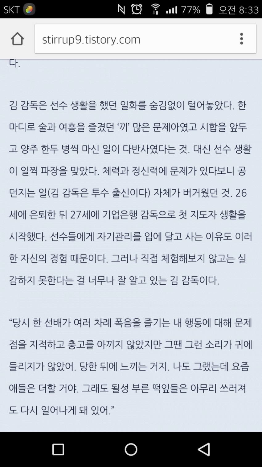 8. 봄겨울에 추운곳가서 야수들 투수들 혹사훈련시킨다. ( 싹수 보이는 애들은 군대가 있으니 괜찮) 살려조들에겐 미안하지만 다른 애들 굴려지는 맛에 지켜봐주자.
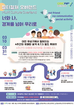 행사에는 대전에 거주하는 다문화 공동체에 관심있는 내국인과 외국인 모두 참여할 수 있으며, 카카오채널 ‘한밭대_다문화 오버랜드’를 검색해 신청하면 된다.
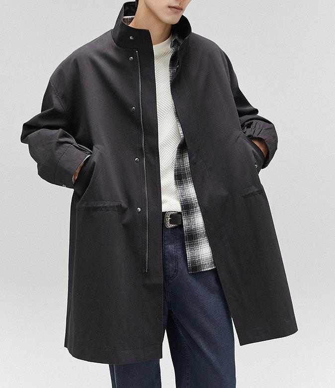 预售秋季新品 2025秋季设计感立领中长款风衣男士薄款派克服韩版宽松外套
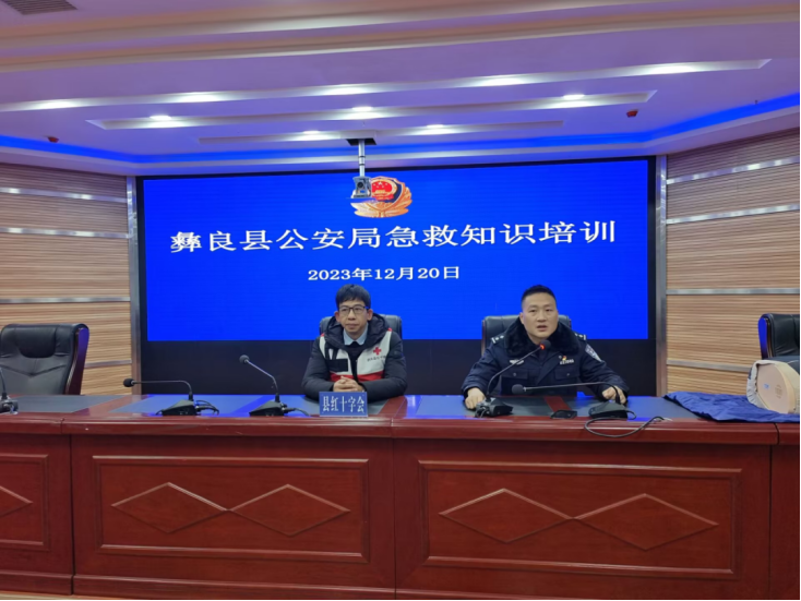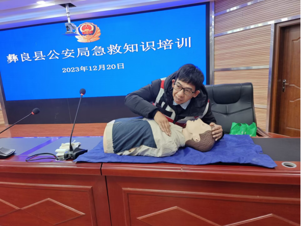 2023年12月20日,彝良县红十字会应急救护培训老师为县公安局公安民警开展应急救护知识讲解与实际操作。公安民警作为社会治安秩序维护者,在工作过程中难免会遇到紧急突发情况,掌握应急救护的操作方法十分必要。
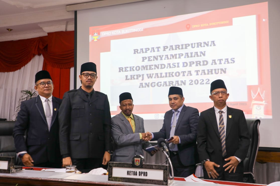 Sementara itu, Wali Kota Bukittinggi, Erman Safar, mengapresiasi hasil rekomendasi dari pansus LKPJ. “Kami apresiasi rekomendasi terhadap Laporan Keterangan Pertanggungjawaban Wali Kota Bukittinggi Tahun 2022. Ini merupakan masukan serta pemikiran yang konstruktif dan inovatif dari pimpinan dan anggota Dewan Perwakilan Rakyat Daerah Kota Bukittinggi,” ungkap Wako.
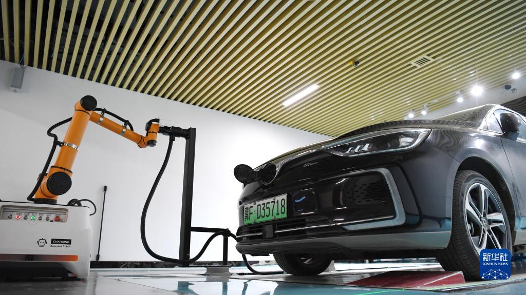 在雄安新區(qū)劇村變電站智慧充電區(qū),插拔槍機(jī)器人為一輛電動(dòng)汽車充電(3月18日攝)。新華社記者 朱旭東 攝 聚焦創(chuàng)新、改革、開放,打造京津冀協(xié)同發(fā)展的重要增長極—— 雄安新區(qū)智慧交通示范項(xiàng)目現(xiàn)場,通過“5G+北斗”無人化業(yè)務(wù)運(yùn)營平臺,無人接駁車、無人零售車、無人清掃車、巡邏機(jī)器人等多種無人車和機(jī)器人統(tǒng)一調(diào)度,全部實(shí)現(xiàn)無人化作業(yè)。 智能、綠色、創(chuàng)新是雄安新區(qū)重點(diǎn)打造的亮麗名片。“必須堅(jiān)持‘世界眼光、國際標(biāo)準(zhǔn)、中國特色、高點(diǎn)定位’理念,努力打造貫徹新發(fā)展理念的創(chuàng)新發(fā)展示范區(qū)。”習(xí)近平總書記指出。
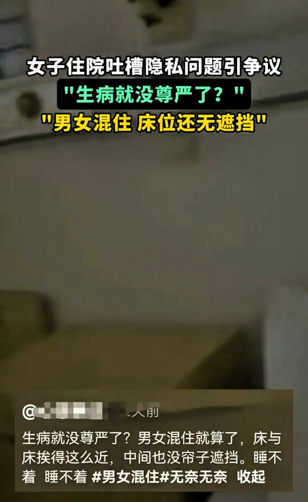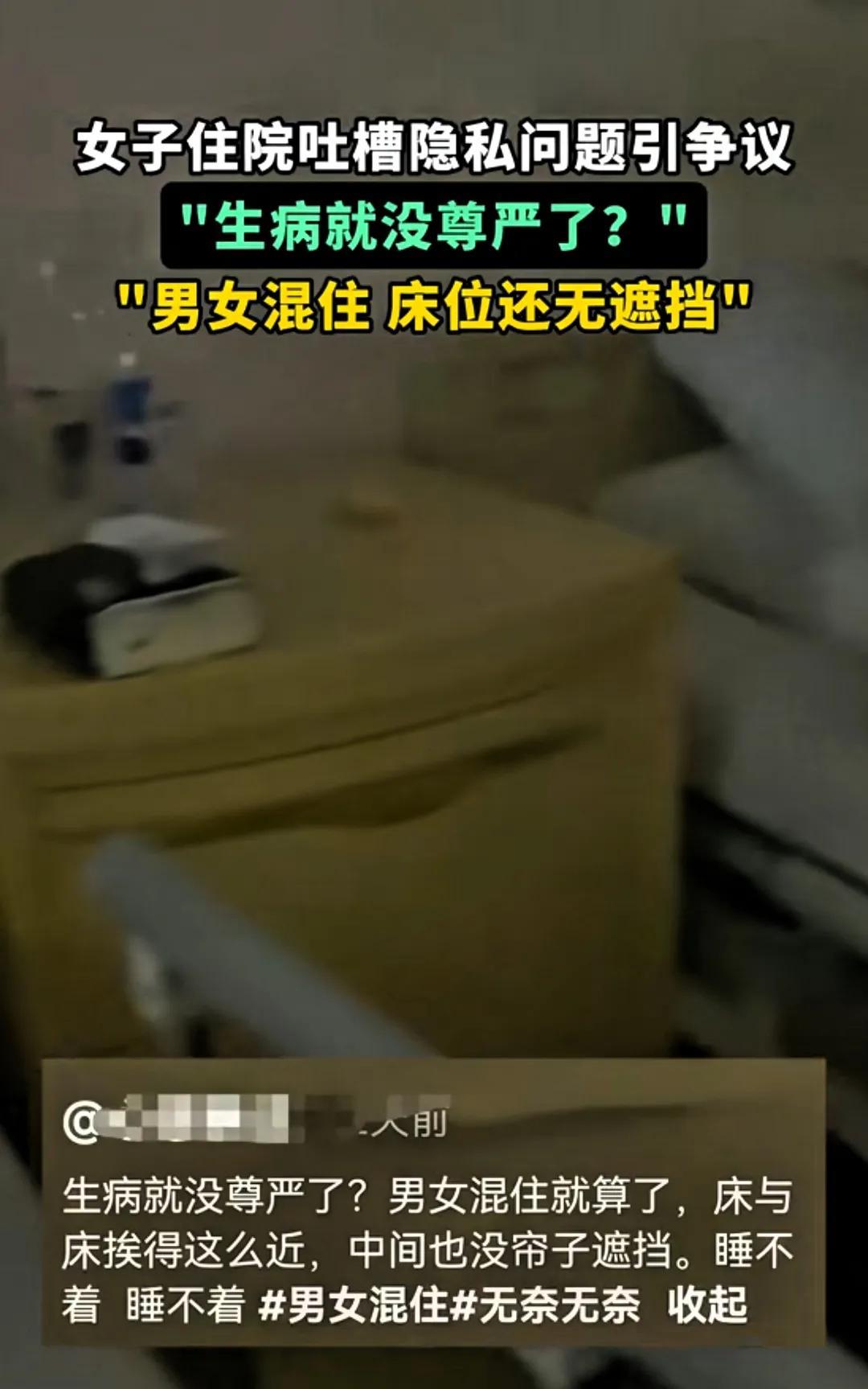 “太膈应了!”广东,一女子生病住院,才住一天就想回家,住进病房后她发现竟是男女混住,且无帘子遮挡,她床位在中间,一边是个老头子,另一半是个男的,女子毫无隐私可言,到了晚上根本睡不着!女子吐槽:生病了就没尊严了吗? 女子生病住院,选了普通病房,住进去才发现病房里有4个床位,床与床挨得很近,活动很不方便,床挨得近就算了,关键还是男女混住,而且中间连一个遮挡的帘子都没有安装。 女子的床在中间,她两边都睡着男的,女子心里很膈应,不是滋味,但又很无奈,谁叫自己生病了呢!可生病了就没尊严了吗? 女子将自己的经历发到网上,不料引起网友争议。 有网友觉得女子矫情,表示:要隐私就花钱住单人间,人生病了,救命要紧,希望早点康复,哪有心思和精力去想那些乱七八糟的东西,去看那些护工,给病人洗脸,洗脚,擦身,尴尬吗? 有网友说:床位紧张,很多患者是住走廊,更没尊严。 还有网友说,如果拉个帘子,万一有不轨的坏人,那干坏事就更容易了。 可我认为女子的吐槽不无道理,医院治病救人是一回事,医院的服务又是一回事,病人有需求,医院的配套服务也应该跟上。 一块帘子,遮的是隐私,暖的是人心。医院床位紧不是借口,尊重患者体面,才是医者仁心该有的温度。 对于女子的吐槽,你怎么看?

# Task statement
Return exactly the lines of the data, beginning with the first and ending with the line containing "预售秋季新品 2025秋季设计感立领中长款风衣男士薄款派克服韩版宽松外套". Skip the pictures.

# The answer
 8. 봄겨울에 추운곳가서 야수들 투수들 혹사훈련시킨다. ( 싹수 보이는 애들은 군대가 있으니 괜찮) 살려조들에겐 미안하지만 다른 애들 굴려지는 맛에 지켜봐주자.
 행사에는 대전에 거주하는 다문화 공동체에 관심있는 내국인과 외국인 모두 참여할 수 있으며, 카카오채널 ‘한밭대_다문화 오버랜드’를 검색해 신청하면 된다.
 预售秋季新品 2025秋季设计感立领中长款风衣男士薄款派克服韩版宽松外套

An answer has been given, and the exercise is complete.